For a story I have coming out this summer about Christensen and French taking it from there, I had a chance to talk with Herbst again. Just as he was about to officially step away from the brewery (not before brewing a smoked porter as a farewell), he looked back on Alley Kat through a different lens, telling me about things like why the time had come to move on, the beer that should never have been released, and his feelings about the mark his life’s work made on Alberta craft beer.
Messenger: When we spoke in 2018 you still owned Alley Kat. What happened and why?
Herbst: Lavonne [my wife and business partner] had retired. She was still involved but didn’t have an active day-to-day role in the brewery and was asking me to slow down. At our age, we needed an exit strategy, and we had none. And it just happened that these guys, Zane and Cam, came along. They were pretty persistent.
They first contacted us in February 2019 and then just kept at it. The deal didn’t close until February 2020, so it was a full 12 months to do it.
We were happy because they were local and had similar views to us about where to take the company, and we were at the point where [growing] it at that stage of our lives and career just didn’t make a lot of sense. Zane and Cam are pretty young. That gives them a great opportunity.

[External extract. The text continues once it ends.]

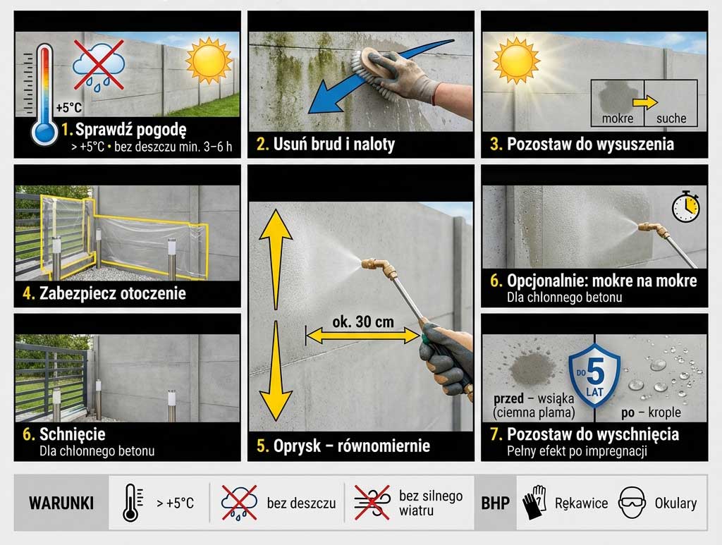| 8. W jakich warunkach można pracować? | Temperatura powietrza i betonu powinna wynosić ≥ +5 °C. Nie impregnuj w pełnym słońcu ani tuż przed deszczem; zaplanuj co najmniej 3 h bez opadów po zakończeniu pracy. |
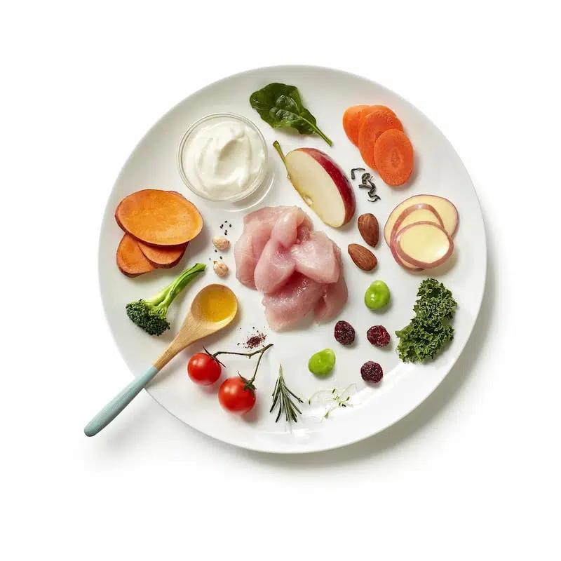 雞肉、原型雞肉凍乾、蠶豆、鷹嘴豆、雞脂(混合生育酚和迷迭香萃取物)、雞汁、馬鈴薯、甜菜漿、葵花籽油、海鹽、亞麻籽油、菊苣纖維、魚油、椰子油、雞蛋、牛磺酸、DL蛋氨酸、絲蘭萃取物、鴯鶓油、胡蘿蔔、優格、菠菜、花椰菜、羽衣甘藍、紫花苜蓿、蘋果、番茄、奇亞籽、海帶、甜薯、薑黃、杏仁粉、歐芹、鹽膚木、綠茶萃取物、藍莓萃取物、蔓越莓萃取物。營養添加物 : 維他命和礦物質(包括鈣、磷、鉀、鎂、鐵、銅、錳、鋅、碘、硒、維他命 A、C、D3、E、B1、B2、B3、B5、B6、B9、B12、膽鹼)

What do you feel is the nature of the company you were handing over to them?
They have a company that’s very well known. I think they have a brand that’s well respected. We were always very careful about protecting that, making sure we had really high-quality beers coming out. I can think of only one time that we put out a beer that we shouldn’t have.
What was that beer?
Oh dear. It was a fruited barrel-aged beer. It was … not good. It was something we thought would improve in the bottle and unfortunately it didn’t. That would have been 10 or 15 years ago.

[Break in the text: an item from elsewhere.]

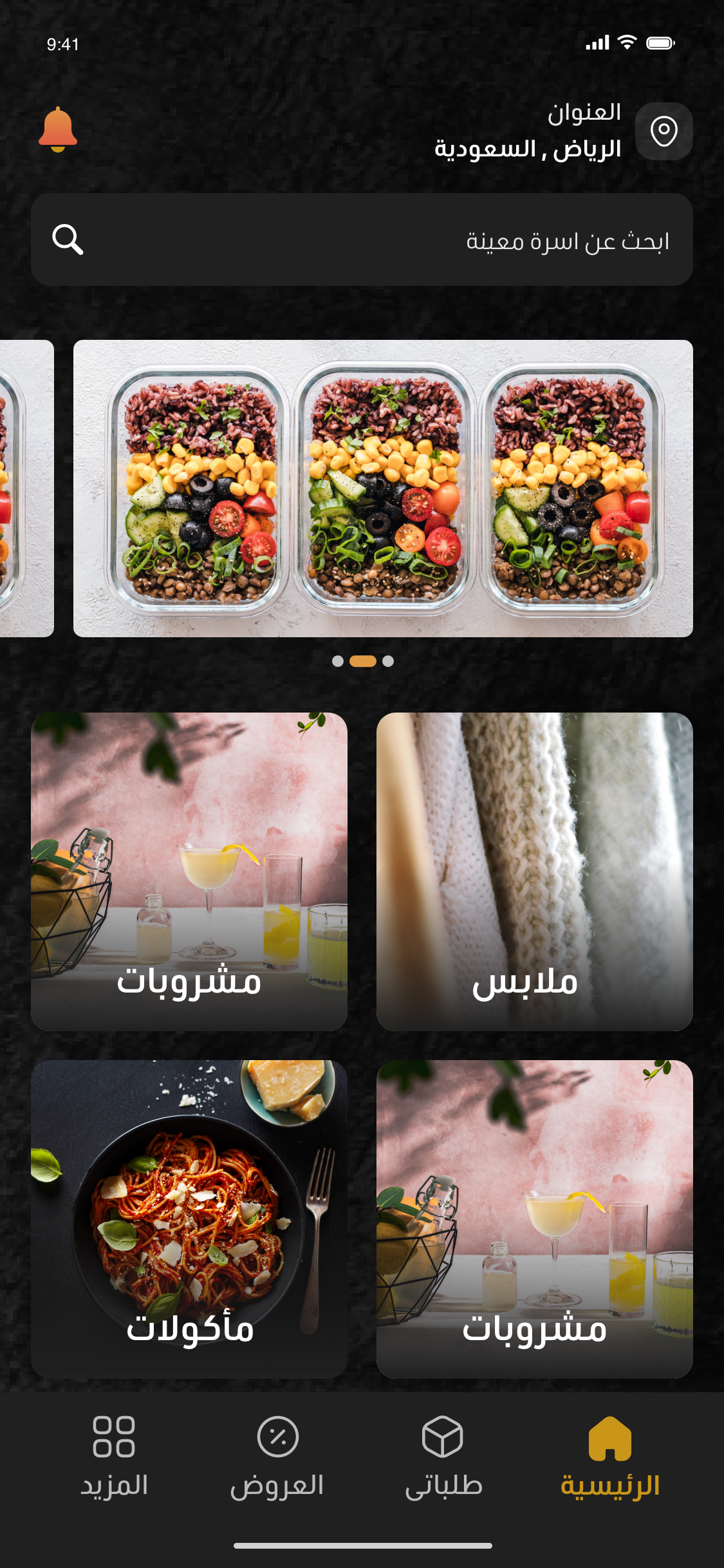 يتيح للعملاء تصفح المنتجات حسب الفئات مثل الطعام، الديكور، الملابس، وغيرها، مع إمكانية البحث عن منتجات محددة أو الأسر المنتجة القريبة من موقعهم

It’s a different industry than when you started. Can you compare the times for me?
I think the market is much more mature now. In fact, just for a giggle I homebrewed the original wheat beer that we had. People just couldn’t get their heads around it. It was a very light beer in terms of flavour profile but it was, for the times, quite cloudy.
So when I rebrewed it recently, Lavonne and I were like, “Well it had to have been more cloudy than that.” It barely had a haze. But people were appalled and bars would send it back because there must be something wrong because it’s not crystal clear.
We had to create the market for craft.
We had to kind of create the market for craft. Alberta at that time still had lots of imports, but we were kind of stuck in a zone that people weren’t familiar with because we weren’t an import and we weren’t really a domestic, because domestics were Molson and Labatt, essentially. So we had to work to create that niche. I think we were reasonably successful but it took awhile.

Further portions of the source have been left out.